Les banques centrales n’ont pas d’autre ressource que de changer leur fusil d’épaule devant la menace de la déflation qui a pris le pas sur celle – qui avait atteint une dimension historique, avant d’être subjuguée – de l’inflation. Mario Draghi, le président de la BCE, prend acte que la désinflation va accompagner l’Europe, ce qui n’est pas une bonne nouvelle, omettant de préciser qu’elle vire à la déflation dans sa partie la plus malade, ce qui l’est encore moins. Mais l’on n’a rien sans rien dans ce monde-là : une telle politique maintenant très bas le coût de l’argent crée le danger de l’apparition de bulles financières. On le voit aux États-Unis, où la banque d’investissement Blackstone se lance dans la titrisation des loyers des maisons qu’elle a rachetées à bas prix aux banques qui les ont saisies, où Twitter voit son action grimper de 73% à son introduction (sans afficher le moindre bénéfice), et où le marché des actions continue de dépasser les prévisions les plus optimistes. En Europe, les autorités allemandes s’inquiètent de l’apparition d’une bulle immobilière dans leur pays favorisée par la baisse du taux de la BCE.

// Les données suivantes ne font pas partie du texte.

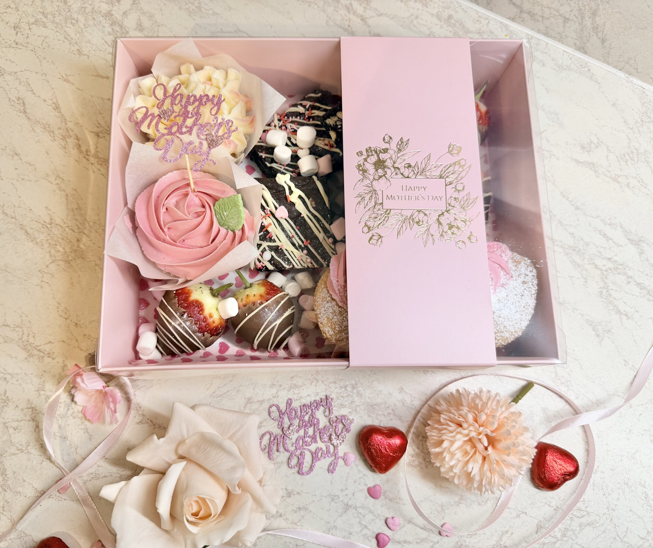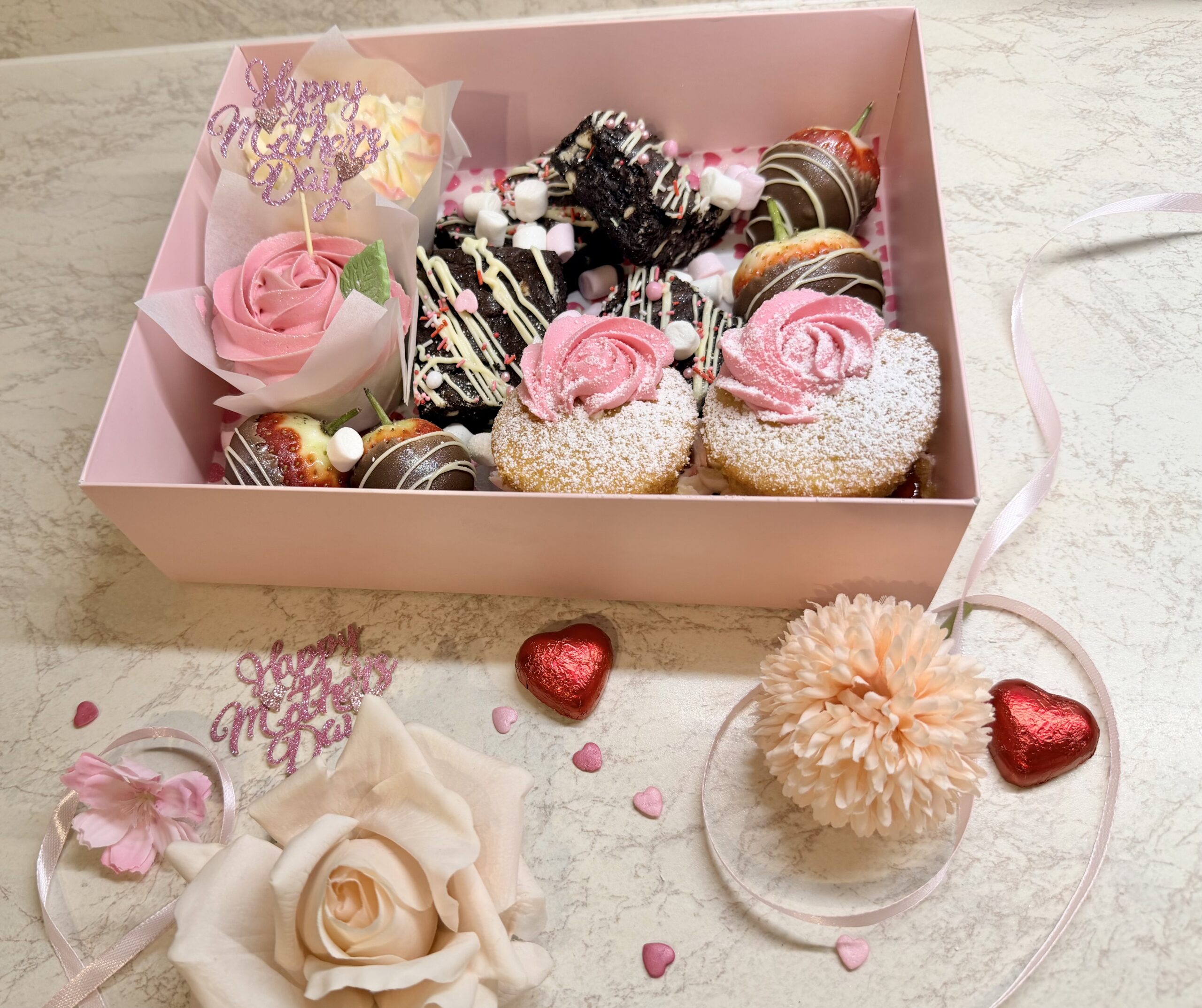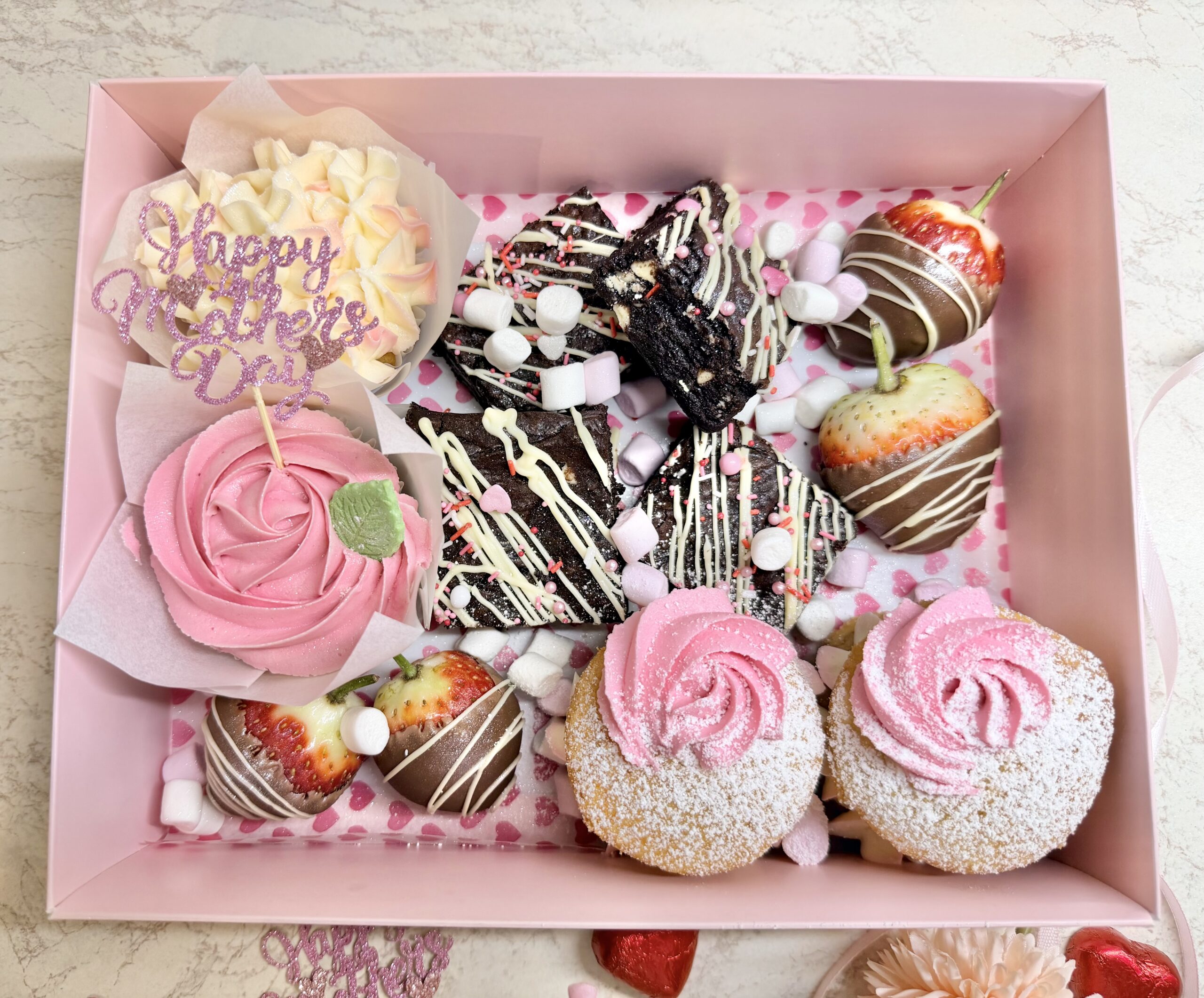 Featuring 2 delicious cupcakes, 4 gooey brownies, 2 light mini Victoria sponges, and 4 chocolate-dipped strawberries, it’s made for sharing sweet moments and celebrating her—one indulgent bite at a time.

La BCE suivant désormais la politique de taux bas ou quasi nul de ses consœurs, la Fed en est à s’interroger sur son coup d’après, afin de freiner ses achats mensuels de 85 milliards de dollars de titres sans déclencher une hausse des taux que sa simple annonce avait immédiatement engagée, car la taille du bilan de la Fed ne peut pas indéfiniment augmenter. Afin d’explorer ces nouveaux territoires inconnus où les boussoles s’affolent, deux papiers vont être présentés à une conférence organisée par le FMI qui se tient cette semaine. En raison de ses incidences, une hausse des taux résultant d’un tel coup de frein doit être évitée, mais comment en convaincre les marchés ? Pour y aider, les papiers en question suggèrent de baisser à 5,5% le seuil du chômage en dessus duquel la Fed n’augmentera pas son taux, et d’annoncer tolérer un taux d’inflation atteignant 2,5%, les deux ayant peu de chance de se réaliser prochainement. C’est sans garantie de résultat, mais le Fed est à fonds de cale et n’a plus comme moyen à sa disposition que d’annoncer la poursuite de ce qu’elle a déjà entrepris.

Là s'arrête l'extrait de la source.